At first, Adam appeared agitated. He becomes easily agitated in crowds (elderly folks and children can especially intimidate him); but this time he scored a deck of cards and sat cross-legged on the floor between the dinner tables sorting them. That made him happy for the night, as it often can. For years, cards have occupied hours of his time, and he has some 30-plus decks in his room. If Adam visits your house, he'll inevitably rifle through your drawers and cupboards looking for decks of cards. If there aren't 52 in the pack, someone had better fix it quick.

Other things make him happy, too. He'll crack you up with a knock-knock joke he's made up: "Knock, knock." "Who's there?" "Nancy." "Nancy who?" "Nancy Davis!" He'll yell random phrases such as "get out of your pants!" that can bring you to hysterics (or embarrassment). He carries around items such as key chains for weeks on end, sometimes stuffing them into a sock. He loves fans, and turning on lights and clicking on hundreds of files on a computer ("triangles," he calls them). He'd eat hamburgers for breakfast, lunch and dinner if he was allowed to, and he likes cookies and brownies a lot, too. He gravitates to the Catholic mass and cartoons on TV, listens to '80s music and watches the movie The Big Lebowski — which he calls "the fuck movie" because the F-bomb drops so often in it. Recently, he and his mother took a trip to Overlook Farm in Rutland, and he fell in love with the pigs.

But keeping Adam happy, and calm, is a challenge; and that is putting it mildly. Watching Nancy interact with her son for any length of time will simultaneously break and warm your heart.

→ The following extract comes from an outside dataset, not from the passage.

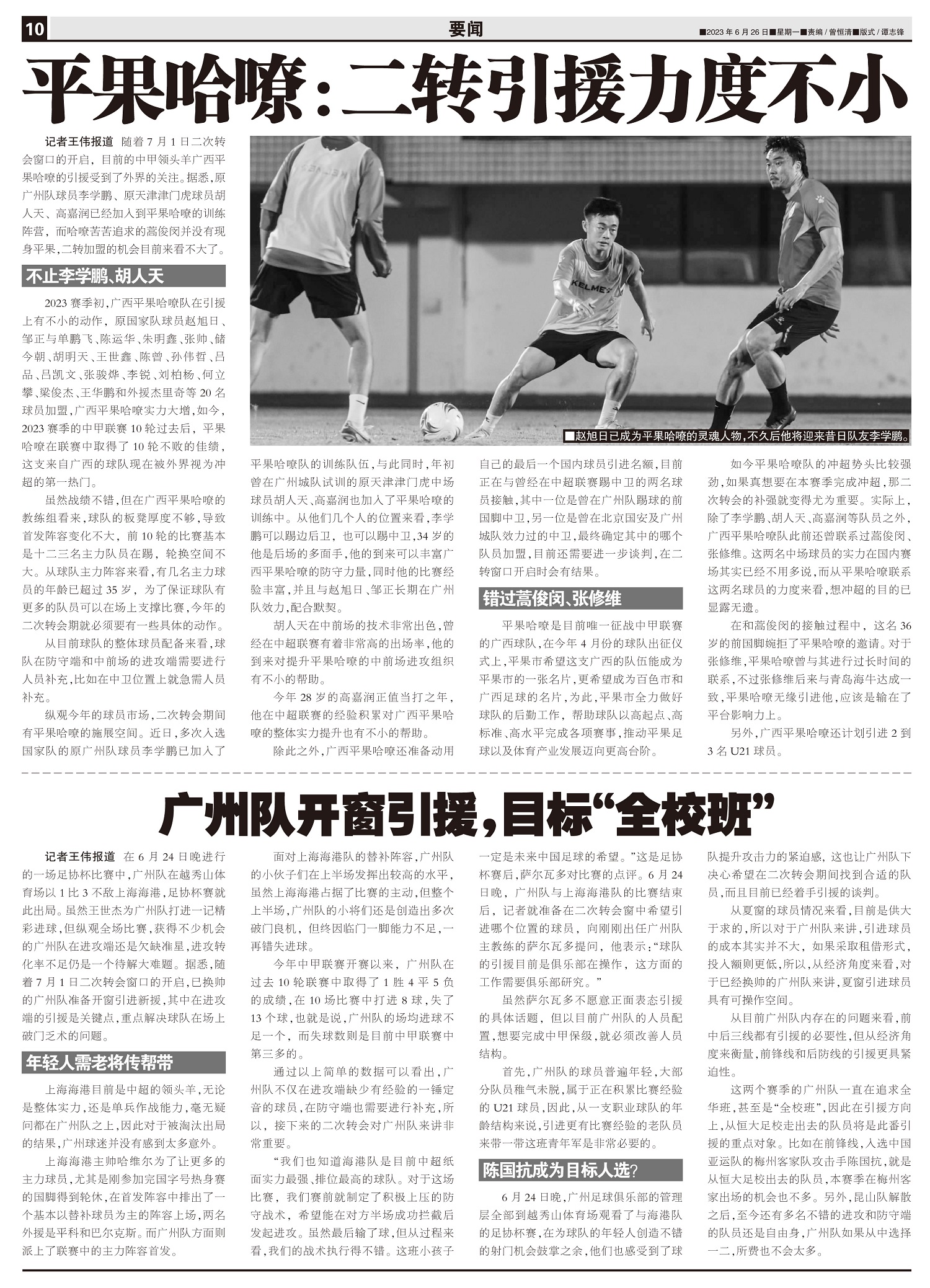 随着7月1日二次转会窗口的开启,目前的中甲领头羊广西平果哈嘹的引援受到了外界的关注。据悉,原广州队球...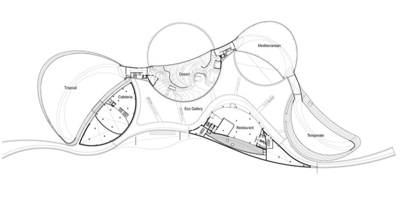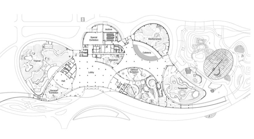 Un vestíbulo de bienvenida ofrece vistas a las diferentes áreas climáticas. Hay exposiciones permanentes, además de teatro, cafeterías, y tiendas de souvenirs.

Adam suffers from autism as well as mental retardation — plus a few related and unrelated issues that include anger and an inability to control his bowels. His mom has been taking care of him since birth at their home in Charlton, with only a daily 8-3 respite provided by daycare workers. The task is immense and endless, and a glimpse into Nancy's life could make the most highly stressed individual feel guilty for ever having complained about petty problems. Calm, patient to a fault, intelligent and kind, she's grown and adapted to Adam's condition with quiet dignity and silent suffering.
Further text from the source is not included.